● **Work order**:
Nothing but the lines below, from the first through the line containing "Old Lady Moth", should be set down, each one exactly and without pictures.

● **Extracted entries**:
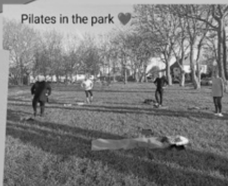
Pilates in the park ♥
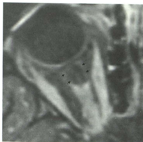
Fig. 3. T1-weighted (600/20/2) post-gadolinium 3-mm axial scan (obtained with fat suppression) demonstrates meningioma of the posterior two thirds of the right optic nerve sheath. Anterior to the meningioma there is dilation of the optic nerve sheath (arrows). In the central portion of the dilated nerve sheath is an atrophic optic nerve.
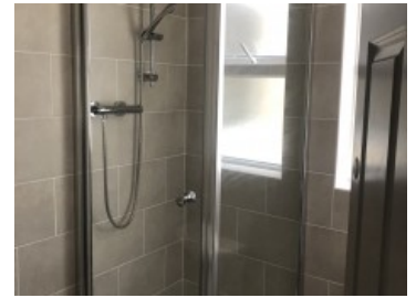
38 Houndiscombe Road Total floor area 160.9 sq. m. (2,048 sq. ft.) approx.
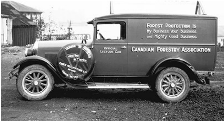
CFA Conservation Officer vehicle
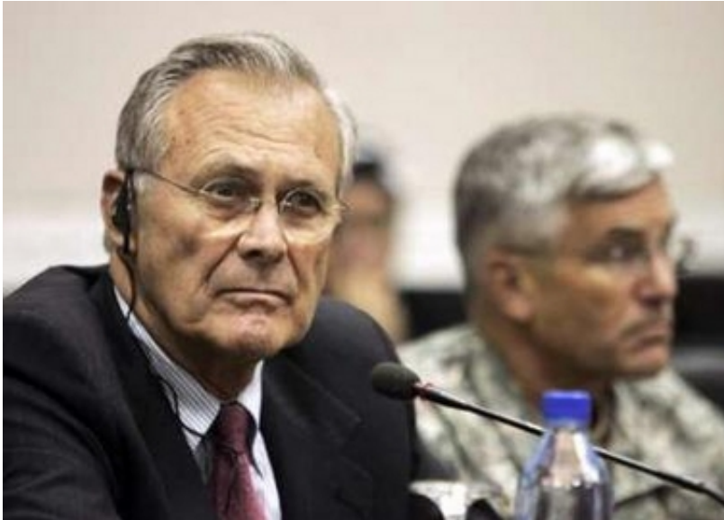
Rumsfeld and the U.S. commander in Iraq, General George Casey July 12, 2006.
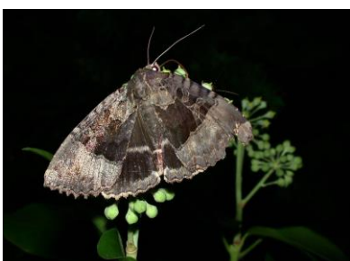
Old Lady Moth

On the evening of Saturday 21 st August a Moth Night was held at the Wick Country Park with a telescope available for star gazing. We were lucky with the weather as we managed to avoid any showers and the weather was fine for the whole evening. The moth attracting light was set up at around 8.45pm and was attracting moths more or less straight away. Several species were identified with such wonderful names as Old Lady, Ruby Tiger and Flame Shoulder. The variety of moths coming to the light was fascinating being of various sizes, shapes and colours. In addition to the moths, the resident flock of Canada Geese were very active, flying around calling to each other, and we also saw/heard a couple of Foxes. A Pipistrelle Bat was also identified with a bat detector – probably feeding on the moths!
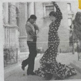
9. THEY ARE DANCING
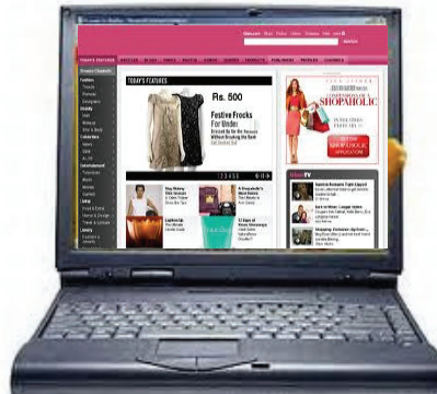
Advertisement on Internet

Are you aware about internet? In fact it is the latest method of communication and gathering information. If you have a computer with an access to internet you can have information from all over the world within a fraction of second. Through internet you can go to the website of any manufacturer or service provider and gather information. Sometimes when you do not have website addresses you take help of search engines or portals. In almost all the search engines or portals different manufactures or service providers advertise their products.
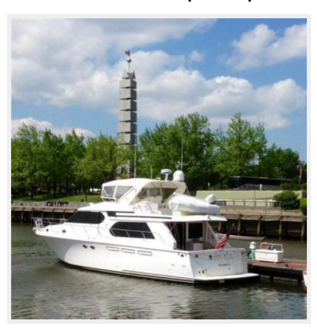
55' Ocean Alexander port aft profile
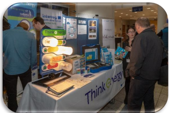
Figure 2.1: Photographs from County Hall Public Event 19-02-2019 hosted by South Dublin County Council
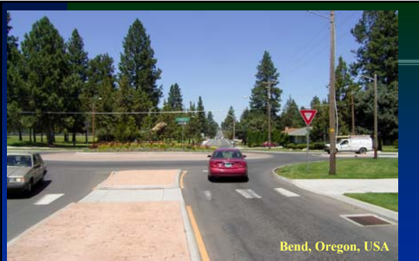
Bend, Oregon, USA
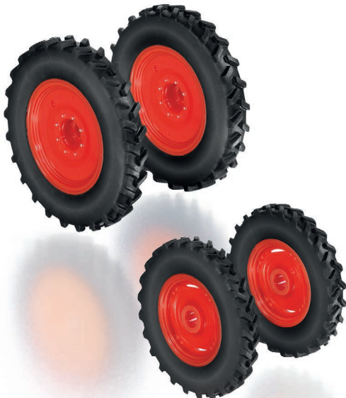
0773 95 Wheel set: Row crop wheels for Claas Arion 400

The Claas Arion 400 series is the perfect tyre type. Tyres provided by WIKING are obviously narrower and make the tractor more suitable for work in plant protection and special cultures. Thanks to the tyres the agricultural machine

● **Completed exercise**:
Pilates in the park ♥
Fig. 3. T1-weighted (600/20/2) post-gadolinium 3-mm axial scan (obtained with fat suppression) demonstrates meningioma of the posterior two thirds of the right optic nerve sheath. Anterior to the meningioma there is dilation of the optic nerve sheath (arrows). In the central portion of the dilated nerve sheath is an atrophic optic nerve.
38 Houndiscombe Road Total floor area 160.9 sq. m. (2,048 sq. ft.) approx.
CFA Conservation Officer vehicle
Rumsfeld and the U.S. commander in Iraq, General George Casey July 12, 2006.
Old Lady Moth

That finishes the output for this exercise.